Самцы кеты — широкие, горбатые, с толстыми хрящеватыми клювами, маленькими немигающими глазками и почти собачьими клыками, только изгибались тяжело. Сил биться у них уже не было. Самки — узкие, без горбов, но такие же — в зеленых, желтых и черных поперечинах и пятнах, были крепче, прыгали, пачкаясь в сером песке. Из некоторых еще выползали красные горошины. Совсем уж лошалого аргыза[3] было немного.
В середине августа, почти два месяца назад вошли они из моря в лиман Рыбной, хорошо зная, что это их речка, и двинулись наверх, к тем ручьям и тихим лесным протокам, где родились.
Самки не отличались от самцов. Строгими серебряными лососями были и те и другие. Стадо могло заходить две недели, три, а иногда и месяц. Оно разбивалось на маленькие партии по пять-семь особей и уходило вверх. В пресной воде самцы превращались в высоких, горбатых, страшных и тяжелых бойцов, самки круглились животами. Рыбы не кормились, их желудки сжимались, как ненужные для дальнейшей жизни.
Так они и шли. Днем и ночью. Отдыхали, отстаивались в тихих прозрачных уловах перед перекатами. Из Рыбной заходили в порожистую, мелководную Юхту и пробивались — иногда прямо на брюхе, целиком торча из воды — до родных ям, к своим нерестилищам.
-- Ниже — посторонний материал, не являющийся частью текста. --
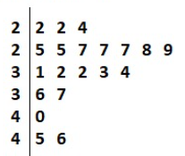 Construct a stem-and-leaf diagram for the data, using two lines per stem.

Ночью на перекатах дежурили медведи и волки, днем кормились мамаши с медвежатами, огромные белоплечие орланы, маленькие плосколицые эвены с хитрыми крючками, а по ямам затягивали невода браконьерские бригады.
Но лососи, одетые в брачные наряды, упрямо добивались своего и, кому везло, приходили туда, где им было указано. И тут, в конце своего пути, они уже были парами.
Медовый месяц проводили на приглубом и прозрачном Генкином плесе. Плавали бок о бок, играли. Отмывали от ила, разгребали носами галечное дно. В какой-то, одной ей известный момент, самка замирала над гнездом, мелко дрожала перьями плавников и откладывала. Совсем, как у людей, судорога бежала ее телом, от головы до нелепо изгибающегося хвоста. Самец кидался и тоже замирал, и покрывал невидимые в воде икринки белым облаком молоков.
Теперь, к началу октября, все было кончено. Большая часть стада отметалась и подохла. Какие-то тухлым, расползающимся аргызом улеглись на дно рядом со своими будущими детьми, других течением снесло ниже. Все они еще заживо начали разлагаться, слепли, покрывались серой и желтой слизью. Самое безжалостное превращение — из полной силы и высших устремлений прекраснотелой серебрянки в лишаястое, осклизлое и слепое нечто — завершилось. Но не завершилось еще дело природы. Их пузастеньким и прозрачным малечкам, которые родятся только весной, нечего было бы есть, если бы родители не легли умирать рядом с гнездами и на них не образовался этот так скверно выглядящий планктон.
Они жертвовали собой ради детей, которых им никогда, ни при каких обстоятельствах не суждено было увидеть.
Генка наблюдал все это каждый год и, может быть, поэтому его удивляло не то, что удивляет всех — как лосось находит свою речку или почему они гибнут, — но все это дело в целом. Невероятно надежное. Неукоснительно происходящее из осени в осень, из тысячелетия в тысячелетие. Из этого огромного живого механизма достаточно было вынуть какой-нибудь маленький кусочек… за тысячи-то лет… один раз… и все бы кончилось. Но никто, слава Богу, не вынимал, а само оно не вынималось.